● Material provided
*** Block opens ***

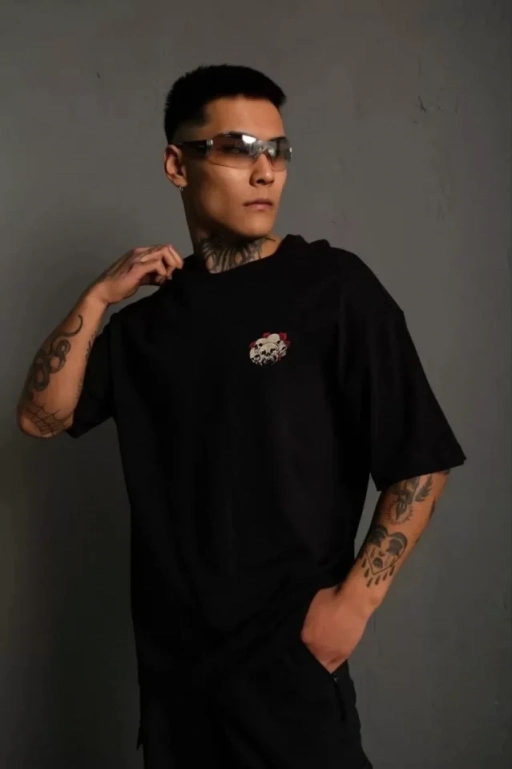 Unisex Bisiklet Yaka Baskılı Oversize T-Shirt - Siyah
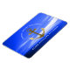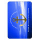 Fun, personalised cruise vacation nautical stateroom marker magnet especially for retired couples- Reads 'Cruising Through Retirement' at the top in curved, white letters. Personalised names at bottom in white. Centred is a faux metallic gold anchor. Against a beautiful ocean sky photo in various shades of blue. Completely customisable for any cruise vacations, including family reunion vacations, tropical honeymoon cruise, romantic anniversary cruises, destination weddings, and other Caribbean vacation cruises. Very useful for finding your cruise ship stateroom after a late night! Unique retirement gift! Get personalised cruise ship cabin markers for every family member or all of the wedding bridal party, etc, as a cruise vacation memento souvenir.
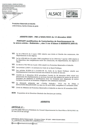 portant modification de l'autorisation de fonctionnement de la micro-crèche "Bubistuba", sise au 3 rue d'Alsace à SIERENTZ (68510) Resumé Pièces jointes ARRETE Assemblée : Non défini Date : 14/12/2020 Rapporteur : Non défini Collectivité : Conseil départemental du Haut-Rhin Direction : Non défini Service : Direction Enfance Famille Insertion Domaine : Accueil d'enfants Commission :
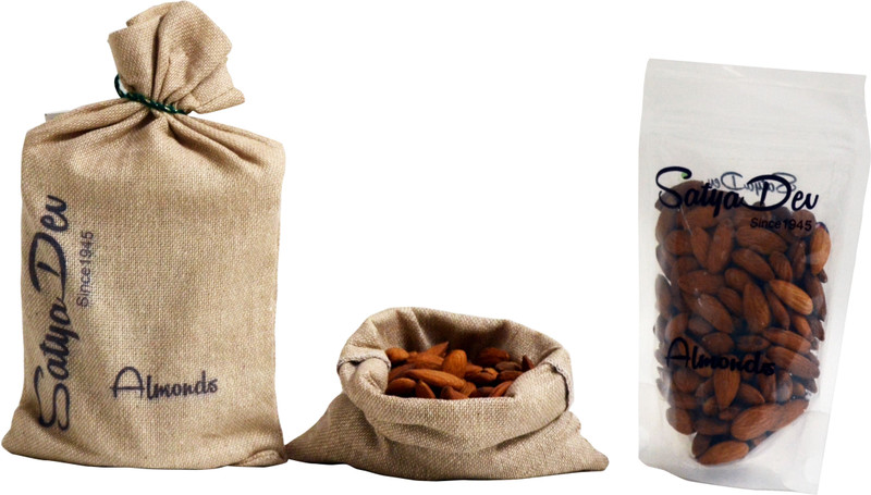 Our Premium Quality Almonds, full kernels, are large,100% natural, with no preservatives, delicious and fresh, which can be eaten raw, roasted or soaked. With no added colour or additives, the energy packed Almonds are ideal for Almond milk as a delicious beverage. Crushed / chopped almonds are also a wonderful garnish for many dishes. A delicacy rooted in Indian tradition, Badam Ka Halwa (Almond Fudge) is indispensable for celebrations of any kind. Packed in a highly hygienic environment to ensure that you get the most premium hand selected quality. These are packed in food grade zipped bags and then placed in jute decorated gunny bags, ideal for gifting on all occasions to your loved ones.
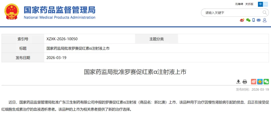 2026年3月19日,中国国家药品监督管理局官网公示,三生制药自主研发的1类生物创新药罗赛促红素α注射液(商品名:新比澳)正式获批上市,用于治疗因慢性肾脏病引起的贫血且正在接受促红细胞生成素治疗的血液透析患者。
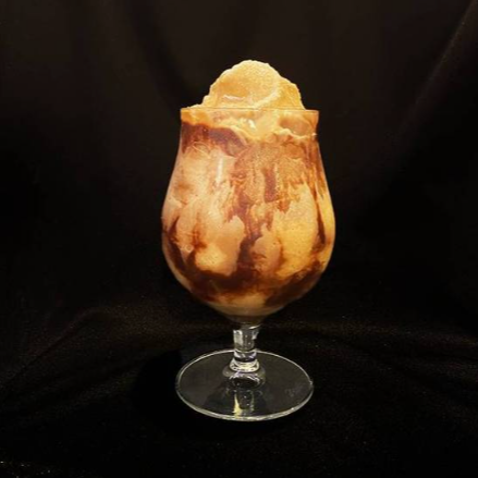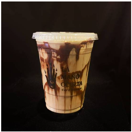 Shot doble de espresso con moka en leche vaporizada y hielos (16 oz).
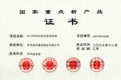 2007年6月29日,公司取得“國家重點新產(chǎn)品證書”
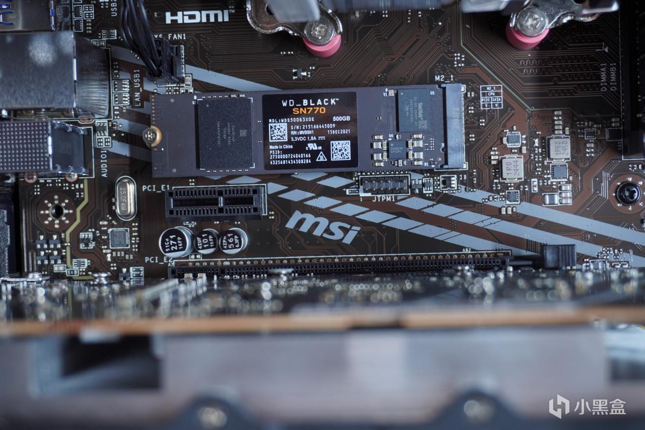 现在固态普遍都涨价了,我其实想买铠侠RC20的,但是涨价了,然后看到了一个319元好价的SN770 512G就直接买了。当然这里争议其实是很大的,其实可以从机箱哪里挤点预算上1T。但当时是单个单个分着买的,不是一次性买好的,所以看到好价就直接买了,没想那么多。SN770的读写速度是5000MB/s,用在微星这块主板是就限速了,不过也能到3500多也不错了。
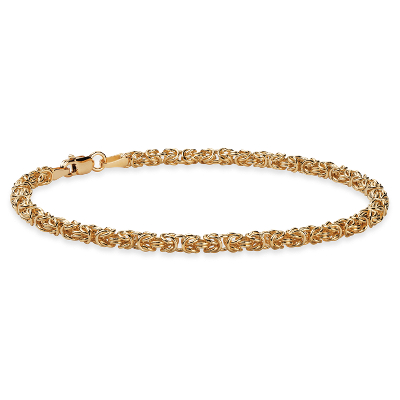 A weave of polished, hollow links in Italian 14k gold form our lightweight, distinctive petite Byzantine bracelet.
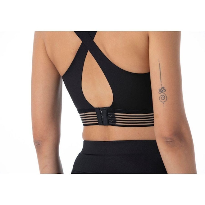 - Sobre o produto - Top Fitness Mizuno High - Feminino- Top feito em malha de poléster com elastano de média compressão. Possui regulagem nas costas, barra de elástico e contém bojo removível. Frente estampada. Logo refletivo. - ref: M1276B
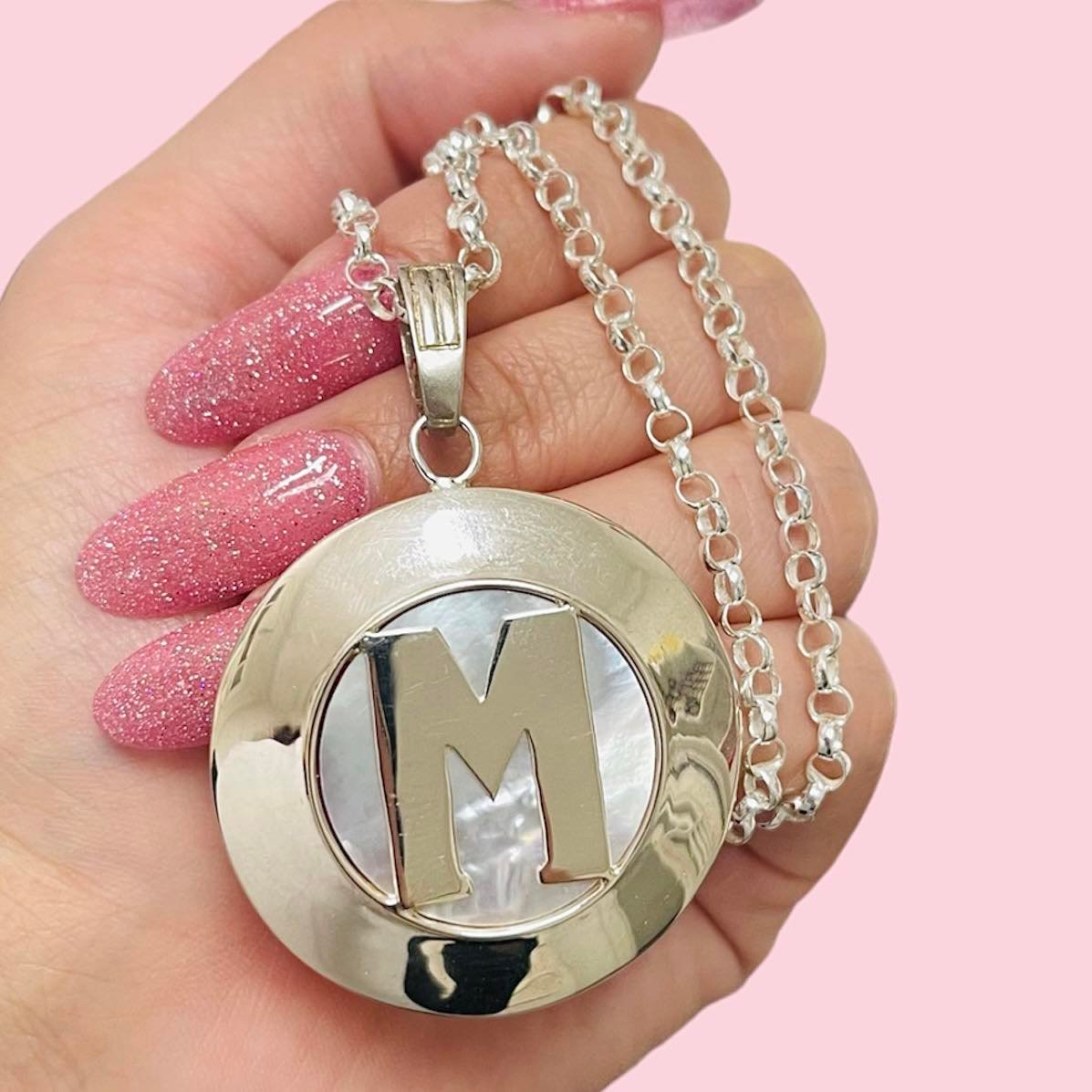 Conjunto Cadena Rolo 0000 con Dije Nacar grande Inicial M de Plata 925
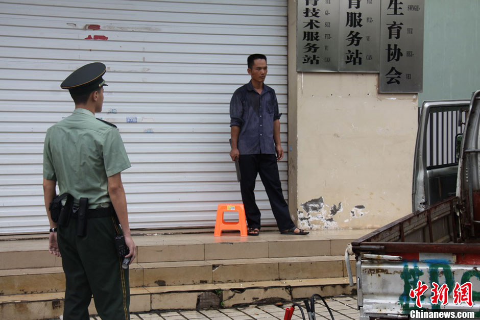 7月23日上午8点30分左右,广西东兴市一农村男子持砍刀到当地计生局,砍死2名计生干部、砍伤3名计生干部,还砍伤一名律师。当地警方指挥中心接到报警后迅速处置,9点30分左右制服并抓获嫌疑人。杨强 摄
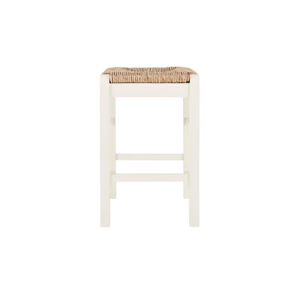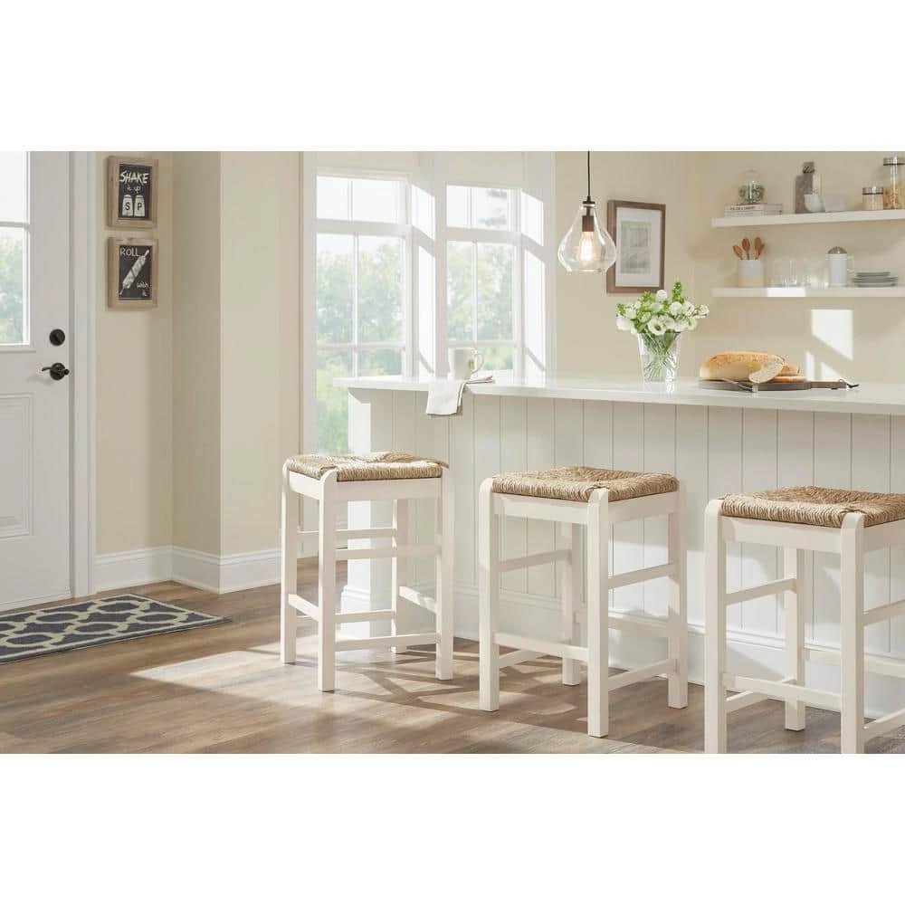 Pull up to the counter with the Home Decorators Collection Dorsey farmhouse style stool. The square counter stool is crafted of wood and finished in a soft ivory hue. Its thickly woven rush seat is both comfortable and inviting.
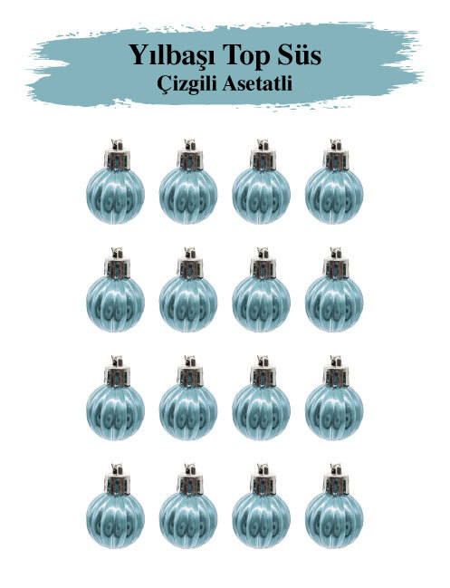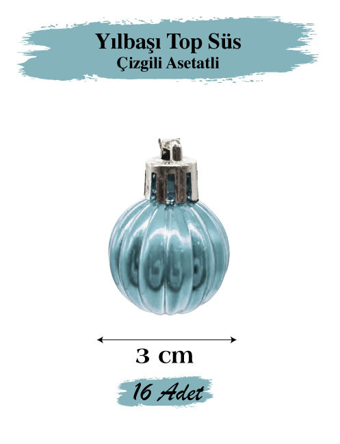 YILBAŞI TOP SÜS 3 CM 16 PARÇA ÇİZGİLİ ASETATLI
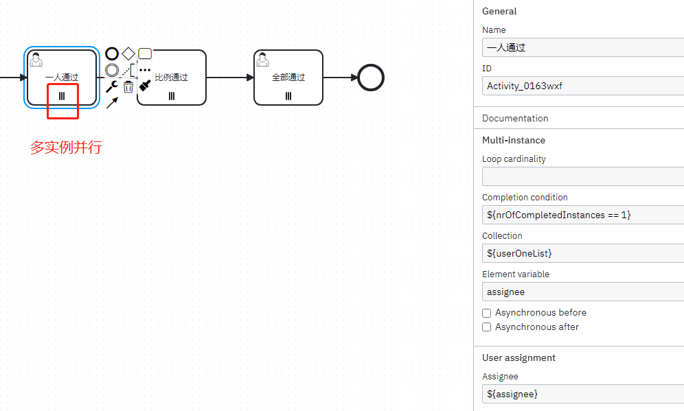<bpmn:userTask id="Activity_0163wxf" name="一人通过" camunda:assignee="${assignee}">

*** Block closes ***

● Your objective
Without the pictures, restate all of the entries above verbatim.

● Exercise answer
 Unisex Bisiklet Yaka Baskılı Oversize T-Shirt - Siyah
 Fun, personalised cruise vacation nautical stateroom marker magnet especially for retired couples- Reads 'Cruising Through Retirement' at the top in curved, white letters. Personalised names at bottom in white. Centred is a faux metallic gold anchor. Against a beautiful ocean sky photo in various shades of blue. Completely customisable for any cruise vacations, including family reunion vacations, tropical honeymoon cruise, romantic anniversary cruises, destination weddings, and other Caribbean vacation cruises. Very useful for finding your cruise ship stateroom after a late night! Unique retirement gift! Get personalised cruise ship cabin markers for every family member or all of the wedding bridal party, etc, as a cruise vacation memento souvenir.
 portant modification de l'autorisation de fonctionnement de la micro-crèche "Bubistuba", sise au 3 rue d'Alsace à SIERENTZ (68510) Resumé Pièces jointes ARRETE Assemblée : Non défini Date : 14/12/2020 Rapporteur : Non défini Collectivité : Conseil départemental du Haut-Rhin Direction : Non défini Service : Direction Enfance Famille Insertion Domaine : Accueil d'enfants Commission :
 Our Premium Quality Almonds, full kernels, are large,100% natural, with no preservatives, delicious and fresh, which can be eaten raw, roasted or soaked. With no added colour or additives, the energy packed Almonds are ideal for Almond milk as a delicious beverage. Crushed / chopped almonds are also a wonderful garnish for many dishes. A delicacy rooted in Indian tradition, Badam Ka Halwa (Almond Fudge) is indispensable for celebrations of any kind. Packed in a highly hygienic environment to ensure that you get the most premium hand selected quality. These are packed in food grade zipped bags and then placed in jute decorated gunny bags, ideal for gifting on all occasions to your loved ones.
 2026年3月19日,中国国家药品监督管理局官网公示,三生制药自主研发的1类生物创新药罗赛促红素α注射液(商品名:新比澳)正式获批上市,用于治疗因慢性肾脏病引起的贫血且正在接受促红细胞生成素治疗的血液透析患者。
 Shot doble de espresso con moka en leche vaporizada y hielos (16 oz).
 2007年6月29日,公司取得“國家重點新產(chǎn)品證書”
 现在固态普遍都涨价了,我其实想买铠侠RC20的,但是涨价了,然后看到了一个319元好价的SN770 512G就直接买了。当然这里争议其实是很大的,其实可以从机箱哪里挤点预算上1T。但当时是单个单个分着买的,不是一次性买好的,所以看到好价就直接买了,没想那么多。SN770的读写速度是5000MB/s,用在微星这块主板是就限速了,不过也能到3500多也不错了。
 A weave of polished, hollow links in Italian 14k gold form our lightweight, distinctive petite Byzantine bracelet.
 - Sobre o produto - Top Fitness Mizuno High - Feminino- Top feito em malha de poléster com elastano de média compressão. Possui regulagem nas costas, barra de elástico e contém bojo removível. Frente estampada. Logo refletivo. - ref: M1276B
 Conjunto Cadena Rolo 0000 con Dije Nacar grande Inicial M de Plata 925
 7月23日上午8点30分左右,广西东兴市一农村男子持砍刀到当地计生局,砍死2名计生干部、砍伤3名计生干部,还砍伤一名律师。当地警方指挥中心接到报警后迅速处置,9点30分左右制服并抓获嫌疑人。杨强 摄
 Pull up to the counter with the Home Decorators Collection Dorsey farmhouse style stool. The square counter stool is crafted of wood and finished in a soft ivory hue. Its thickly woven rush seat is both comfortable and inviting.
 YILBAŞI TOP SÜS 3 CM 16 PARÇA ÇİZGİLİ ASETATLI
<bpmn:userTask id="Activity_0163wxf" name="一人通过" camunda:assignee="${assignee}">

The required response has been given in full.